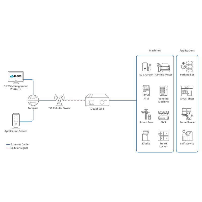 The DWM-311 is a robust 4G LTE modem fully prepared to go out in the field. Blazing fast speeds guarantee Machine to Machine (M2M) communications. It offers economical and reliable connectivity suitable for the most demanding Internet of Things (IoT) applications. This cost-effective device is here to offer complete connectivity, straight out the box.
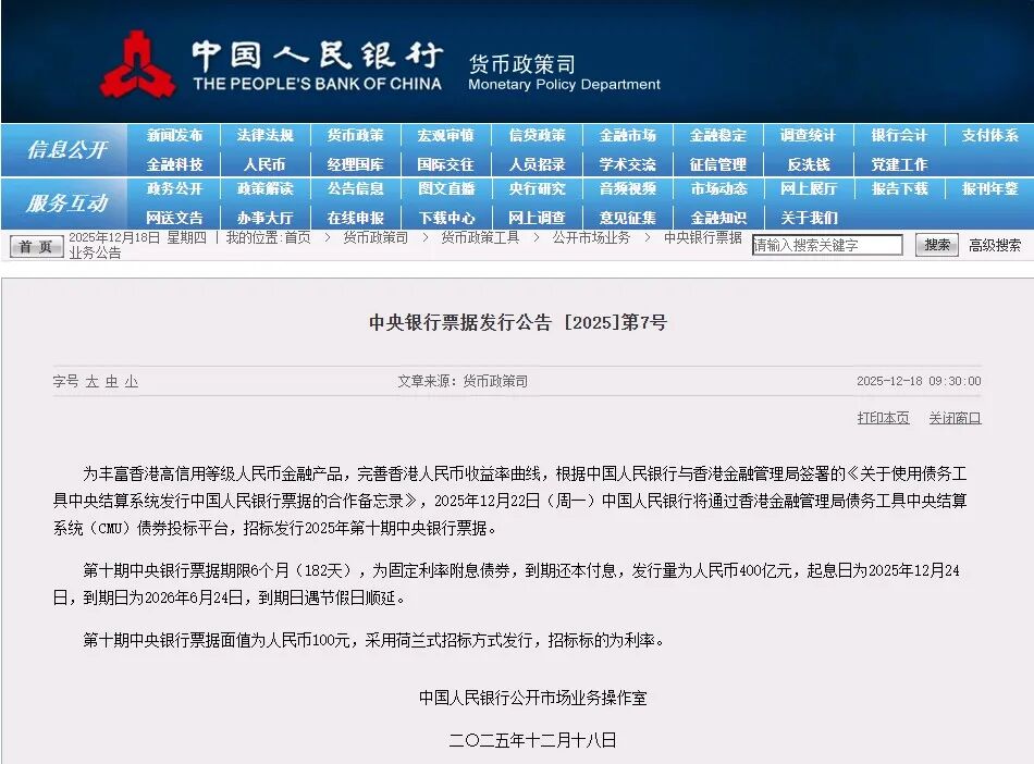 12月18日,中国人民银行发布公告称,为丰富香港高信用等级人民币金融产品,完善香港人民币收益率曲线,根据中国人民银行与香港金融管理局签署的《关于使用债务工具中央结算系统发行中国人民银行票据的合作备忘录》,2025年12月22日(周一)中国人民银行将通过香港金融管理局债务工具中央结算系统(CMU)债券投标平台,招标发行2025年第十期中央银行票据。
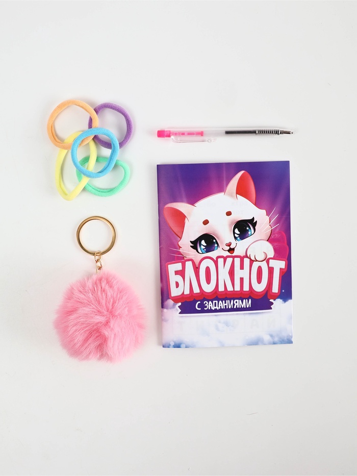 Подарочный набор: блокнот А6, 8 л. Резиночки 10шт, брелок-пушистик, мини ручка "Единорог"
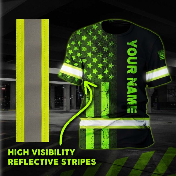 Hi Vis Shirt Reflective Tapes Green Neon US Flag Half Custom Name quantity
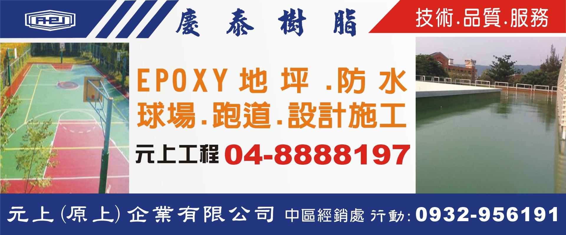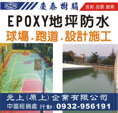 EPOXY地坪、EPOXY防水、聚胺脂、抗菌彩砂優固地床、停車場硬質PU、游泳池、矽酸質防水、球場設計施工、跑道設計施工、耐酸鹼Epoxy無縫無塵地坪、防水工程設計施工、環氧樹脂買賣、無塵研磨、結構裂縫補強、紅磚土買賣、防水防熱、壁癌處理、PU跑道、跑道修補、PU球場、球場PU防水、球場PU地坪、球場修補、DIY防水塗料、高性能聚脲噴塗材料、補漏、補裂工程承攬、環氧樹脂施塗、防水材、球場材、接著劑、止滑劑、水性彈性塗料、水性防水塗料、單液彈泥、耐磨地坪材、慶泰樹脂經銷買賣、彰化EPOXY地坪防水、彰化PU球場跑道設計施工
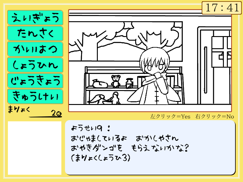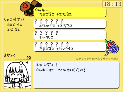 左下の「まりょく」を消費して、お菓子を販売(販売と言う言葉がry)します。
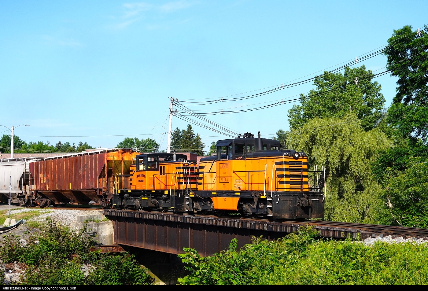 Arcade & Attica's classic GE center cabs cross the Cataraugus Creek on their way out of Arcade, NY. This was taken as part of a photo charter held to honor the center cabs on the eve of their demotion from full-time freight handling. The A&A, long the land of center-cabs, finally acquiesced and purchased their first road switcher, an ex-D&H RS-3u, to replace doubleheading the little GEs on revenue freight. While the #112 is the physically larger locomotive, it's only 65 tons, and the smaller #113 is an 80-tonner. Also, note the faded CNW logo on the rusty covered hopper immediately behind the power.

+--

### Task item
The lines from the start of the data through the line that contains "左下の「まりょく」を消費して、お菓子を販売(販売と言う言葉がry)します。" are to be returned exactly, please, with both ends included and every picture left out.

### Output below
 The DWM-311 is a robust 4G LTE modem fully prepared to go out in the field. Blazing fast speeds guarantee Machine to Machine (M2M) communications. It offers economical and reliable connectivity suitable for the most demanding Internet of Things (IoT) applications. This cost-effective device is here to offer complete connectivity, straight out the box.
 12月18日,中国人民银行发布公告称,为丰富香港高信用等级人民币金融产品,完善香港人民币收益率曲线,根据中国人民银行与香港金融管理局签署的《关于使用债务工具中央结算系统发行中国人民银行票据的合作备忘录》,2025年12月22日(周一)中国人民银行将通过香港金融管理局债务工具中央结算系统(CMU)债券投标平台,招标发行2025年第十期中央银行票据。
 Подарочный набор: блокнот А6, 8 л. Резиночки 10шт, брелок-пушистик, мини ручка "Единорог"
 Hi Vis Shirt Reflective Tapes Green Neon US Flag Half Custom Name quantity
 EPOXY地坪、EPOXY防水、聚胺脂、抗菌彩砂優固地床、停車場硬質PU、游泳池、矽酸質防水、球場設計施工、跑道設計施工、耐酸鹼Epoxy無縫無塵地坪、防水工程設計施工、環氧樹脂買賣、無塵研磨、結構裂縫補強、紅磚土買賣、防水防熱、壁癌處理、PU跑道、跑道修補、PU球場、球場PU防水、球場PU地坪、球場修補、DIY防水塗料、高性能聚脲噴塗材料、補漏、補裂工程承攬、環氧樹脂施塗、防水材、球場材、接著劑、止滑劑、水性彈性塗料、水性防水塗料、單液彈泥、耐磨地坪材、慶泰樹脂經銷買賣、彰化EPOXY地坪防水、彰化PU球場跑道設計施工
 左下の「まりょく」を消費して、お菓子を販売(販売と言う言葉がry)します。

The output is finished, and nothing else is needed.